We have decided to use YOLOv3 (license : GPL-3.0 license) due to its license and ease of use. We are using the same parameters (e.g. batch size, image size etc) for all experiments.

Results

Conclusion

We can see from the results that :

There is a significant improvement in performance by using synthetic data from diffusion models
Using more variations seems to improve the performance. However, the ratio between synthetic/real should be chosen carefully.
The improvement is especially important when the original dataset is very small.

Below are some images of the results we can get from the test set :

Top : Groundtruth label / Bottom : Detection results for experiments 1-4

Future improvements

This time, we were able to get a significant improvement of the performance of our object detection models without any fine-tuning of the stable diffusion models ! As such, this process can be applied at a very low cost even by non-engineers !

If time and resources are available, performance is likely to improve further with fine-tuning, textual inversion etc.

One limitation of our process is that labels can only be generated automatically for classification tasks.

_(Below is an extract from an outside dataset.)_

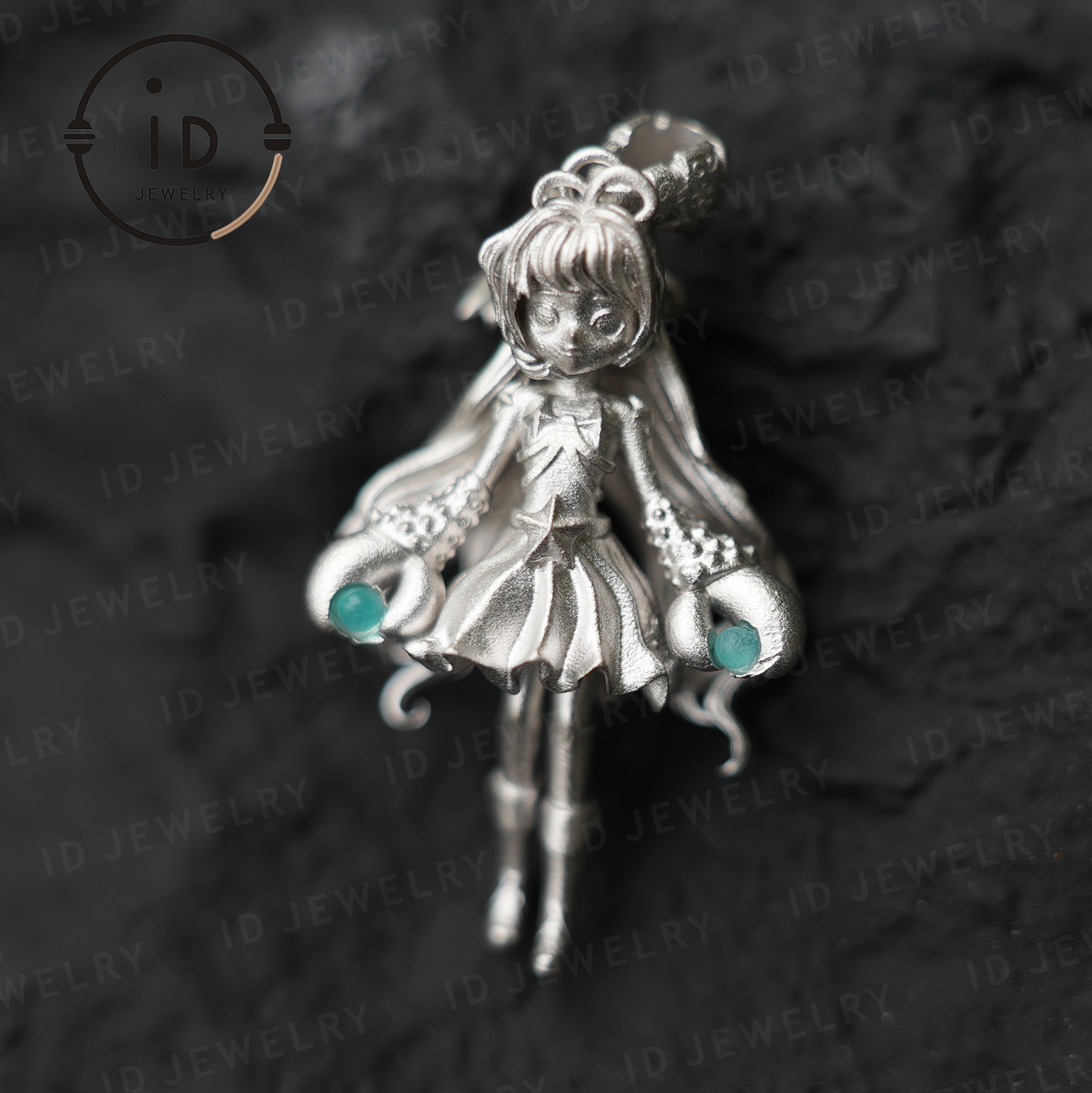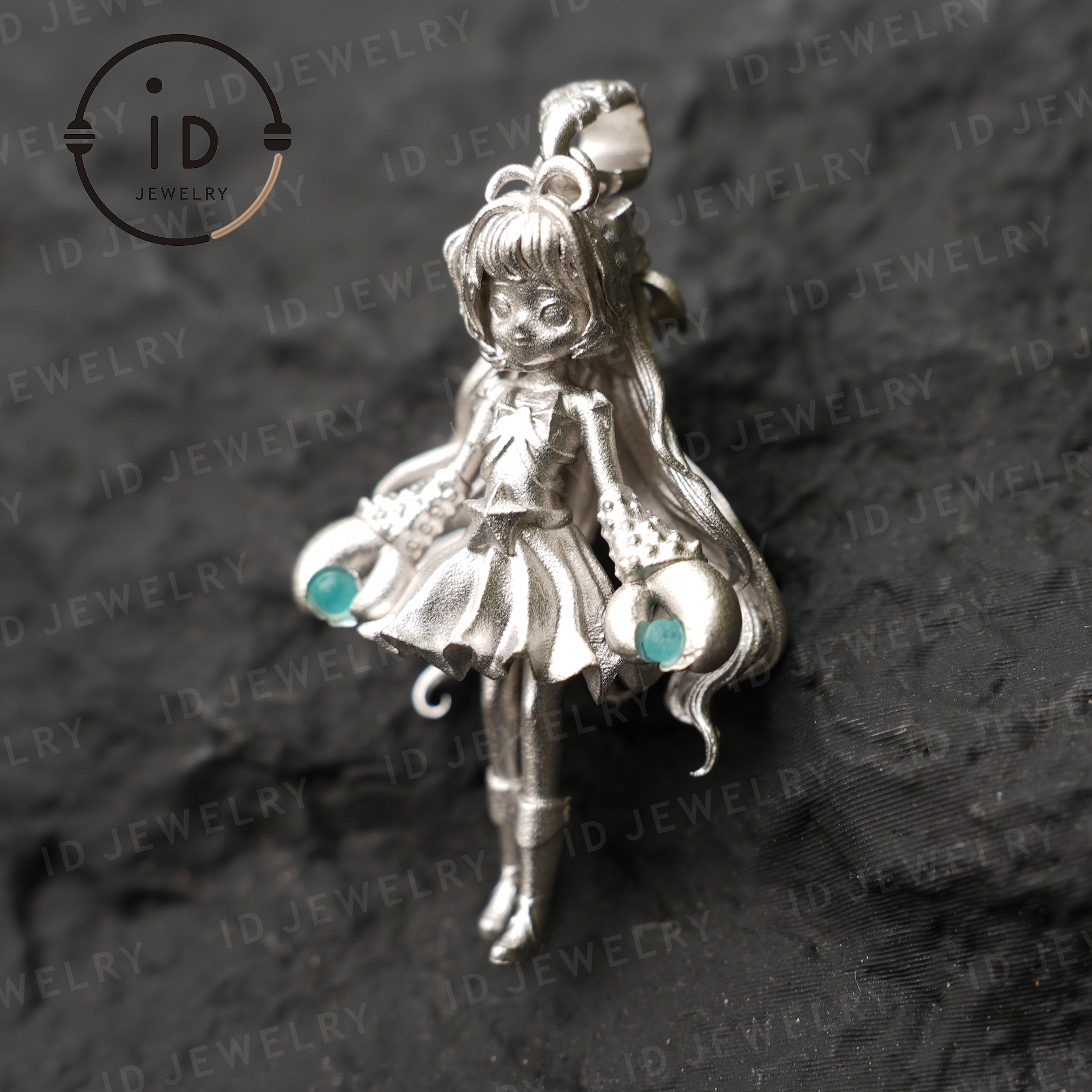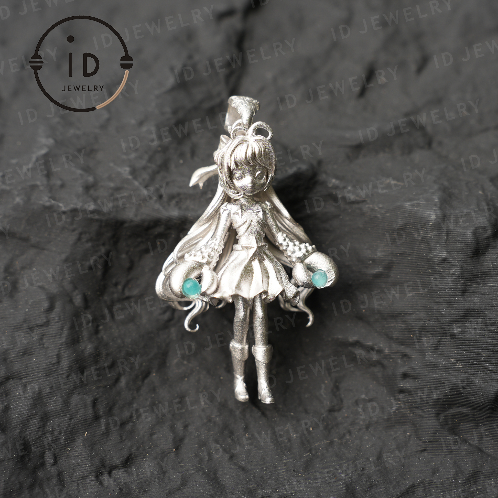 This pendant is finely crafted in 925 silver, featuring a girl with a rippling skirt and flowing hair. Her arms bear two crab claw-shaped guards inset with natural amazonite, echoing the sea’s call — both a symbol of emotion and a battle stance. Her silhouette rises like gentle waves, tender yet sharp and unyielding.

Some areas of research seem promising to solve this issue :

Guided models that can take a label map as input
Diffusion models that can output both the result image and the label. In the future, we will keep an eye on good papers and assess whether they can be used for actual projects !

Conclusion

This time, we have confirmed that synthetic data generated by diffusion models can be used to boost the performance of our models even for unusual data such as SAR imagery !

Furthermore, it seems that good results can be achieved at a low cost without fine-tuning the stable diffusion model.